Eulogio "Amang" Rodriguez Institute of Science and Technology
- Seal of EARIST
- Former names: Eulogio Rodriguez Vocational High School (1945–1972); Eulogio "Amang" Rodriguez Memorial School of Arts and Trades (EARMSAT) (1972–1978);
- Type: Public Coeducational non-profit higher education institution
- Established: January 21, 1945; 81 years ago
- Academic affiliations: SCUAA, AACCUP
- Chairperson: Hon. Ronald L. Adamat
- President: Engr. Rogelio T. Mamaradlo, Ed.D.
- Director: Dr. Agnes N. Coo (Cavite Campus)
- Faculty: c. 400
- Students: c. 15,000
- Location: Santa Mesa, Manila, Philippines 14°35′57″N 121°00′04″E﻿ / ﻿14.59907°N 121.00116°E
- Campus: Urban Main: Manila Satellite: Cavite;
- Hymn: EARIST Hymn
- Newspaper: Earist Technozette
- Colors: Red and Cream
- Nickname: EARIST Red Fox
- Sporting affiliations: UniGames, PISCUAA, NAASCU
- Mascot: Red Fox
- Website: earist.edu.ph
- Location in Metro Manila Location in Luzon Location in the Philippines

= Eulogio "Amang" Rodriguez Institute of Science and Technology =

Public college in Manila, Philippines

The Eulogio "Amang" Rodriguez Institute of Science and Technology (commonly referred to as EARIST; Dalubhasaang Eulogio "Amang" Rodriguez sa Agham at Teknolohiya) is a public college in Santa Mesa, Manila in the Philippines. It was named after Eulogio Rodriguez, one of the longest serving senators in the country.
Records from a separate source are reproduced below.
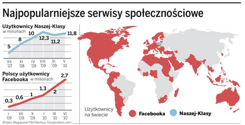 Prawie pół miliarda użytkowników Facebooka to prawdziwa potęga. O serwisie mówi się już, że jest trzecim pod względem liczby ludności krajem świata. Po jego ogromnej ofensywie z ostatnich miesięcy ledwie w kilku państwach pozostały silne lokalne serwisy społecznościowe. Facebook wciąż przegrywa w Chinach z QQ, w Rosji z Odnoklasniki i W Kontaktie, a w Brazylii najpopularniejszy pozostaje Orkut, należący do Google’a. I jeszcze w Polsce niepodzielnie rządzi Nasza-Klasa.
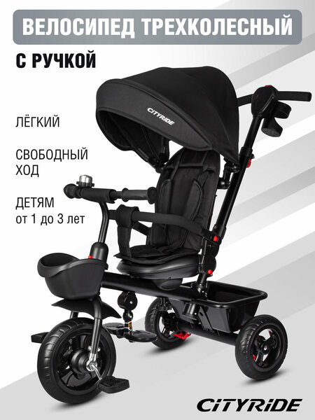 Новинка! Детский трехколесный велосипед "CITYRIDE" для детей от 12 месяцев • Надежная удлиненная стальная рама • Складная колясочная крыша • Большие пластиковые подножки-педали для самых маленьких • Вместительный багажник для игрушек и мелочей • Передняя корзина для игрушек • Подстаканник для кофе • Удобная телескопическая родительская ручка с регулировкой высоты • Наклонная спинка опускается до 120 градусов, регулируется пластиковым фиксатором на спинке, 3 уровня наклона • Разъемный бампер безопасности с мягкими подлокотниками • Трехточечный ремень безопасности • Колеса EVA диаметром 10 и 8 дюймов на пластиковых дисках • Стильный дизайн дисков • Переднее колесо функция "свободный ход" • Тормоз задних колес. Колеса на подшипниках
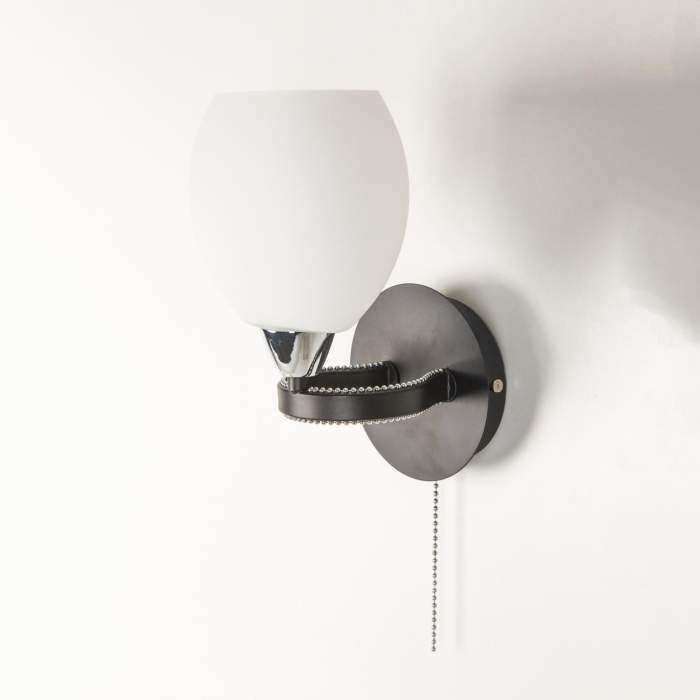 Citilux Октава CL131312 Бра с выключателем Чёрное — Бра (Настенный) Октава Черный + Хром Ширина 16 см, Высота 20 см, Глубина 16 см, с выключателем
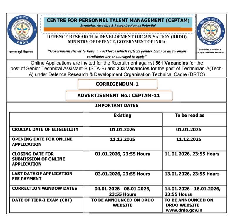 The Defence Research and Development Organisation (DRDO) has officially released the CEPTAM-11 Recruitment 2025 Notification for 764 vacancies. The recruitment is conducted through the Centre for Personnel Talent Management (CEPTAM) for posts including Senior Technical Assistant (STA-B) and Technician-A. Eligible candidates can apply online through the official DRDO website.

Founded in 1945 as a vocational-technical high school, it has evolved into a full-fledged higher education institution offering undergraduate and postgraduate degree programs by virtue of the Republic Act 6595.

EARIST has a Level II Status for its 14 degree programs awarded by the Accrediting Agency of Chartered Colleges and Universities in the Philippines (AACCUP). It was also rated Level II based on CHED-DBM-PASUC Leveling Evaluation. With approximately 15,000 students, it has eight colleges, graduate school, and a satellite campus in Cavite.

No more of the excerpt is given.